Даже при выборе своей «литературной маски» Синявский вступал в конфликт с русской и тем более советской литературной традицией, которая отдавала предпочтение псевдонимам броским и многозначительным: Андрей Белый, Максим Горький, Демьян Бедный, Михаил Голодный, Артем Веселый, Михаил Светлов, Эдуард Багрицкий… «Мой псевдоним, – объяснял «литературный диссидент» Синявский, – не несет в себе никакой идеи… Мне хотелось, чтобы он звучал, наоборот, некрасиво и несколько сниженно, но экспрессивно. Абрам Терц – герой старой блатной песни, еврей, а я сформировался в период борьбы с космополитизмом и понял и перенял афоризм Цветаевой: «В сем христианнейшем из миров поэты – жиды!» Поэт – это изгой, возбуждающий негодование и насмешки, и в широком смысле писатель в моем понимании – это чужак… Абрам Терц пишет статьи и книги, которые не мог бы написать Андрей Синявский».
В середине 1950-х, когда совсем уж стало невмоготу и всякое терпение лопнуло, на бумагу выплеснулись первые прозаические наброски, из которых родились рассказы «В цирке», «Графоманы» и другие.
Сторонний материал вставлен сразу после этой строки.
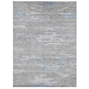 9'x12'3" Cadet Gray, Wool With Real Silk, Broken And Erased Intricate Contemporary Design, Hand Knotted, Oriental Rug FWR526218

Позже многие литературоведы – в партикулярном платье и при погонах – натужно пытались разгадать жанр этих произведений. Кто-то говорил о фантасмагорической беллетристике, другие о сказках, отстраненной прозе. Но автор все время балансировал, приплясывая, на краешке горячего котла, бурлящего истинными фактами и фантазиями, обманом заводя читателя знакомыми вроде бы тропками в черт знает какие чащобы. Знаток творчества Гофмана, Гойи и Достоевского (а не только А.М. Горького), Синявский с удовольствием окунулся в магический реализм, бесконечную литературную игру.
Героем повести «Суд идет» он назначил прокурорского сынка Сережу, наивного десятиклассника, мечтающего об истинном социализме, для утверждения которого организующего подпольную «партию». При этом Сережа искренне верил, что в борьбе за правое дело полезны даже расстрелы несогласных. Герой очередной антиутопии Синявского «Любимов» – велосипедный мастер Леня Тихомиров, наделенный сверхъестественными возможностями, – решает построить коммунизм в одном, отдельно взятом городе – Любимове, не прибегая к насилию. Только вот беда, этот карикатурный рай в конце повести насильственно уничтожается.
Канал для отправки рукописи за кордон был давно продуман. Еще будучи студентом, Андрей Синявский обратил внимание на прелестную француженку Элен Пельтье-Замойскую, пожелавшую изучать в МГУ русскую словесность. Неформальные встречи были зафиксированы, и «контактера» пригласили «для беседы». Молодому студенту настойчиво предложили потеснее завязать дружеские связи с мадемуазель Элен. Сама молодая славистка чекистов интересовала мало, зато ее отец – военно-морской атташе посольства Франции в Москве, адмирал Пельтье – был чрезвычайно привлекательной фигурой. А через дочку подобрать ключики к папаше можно было легко…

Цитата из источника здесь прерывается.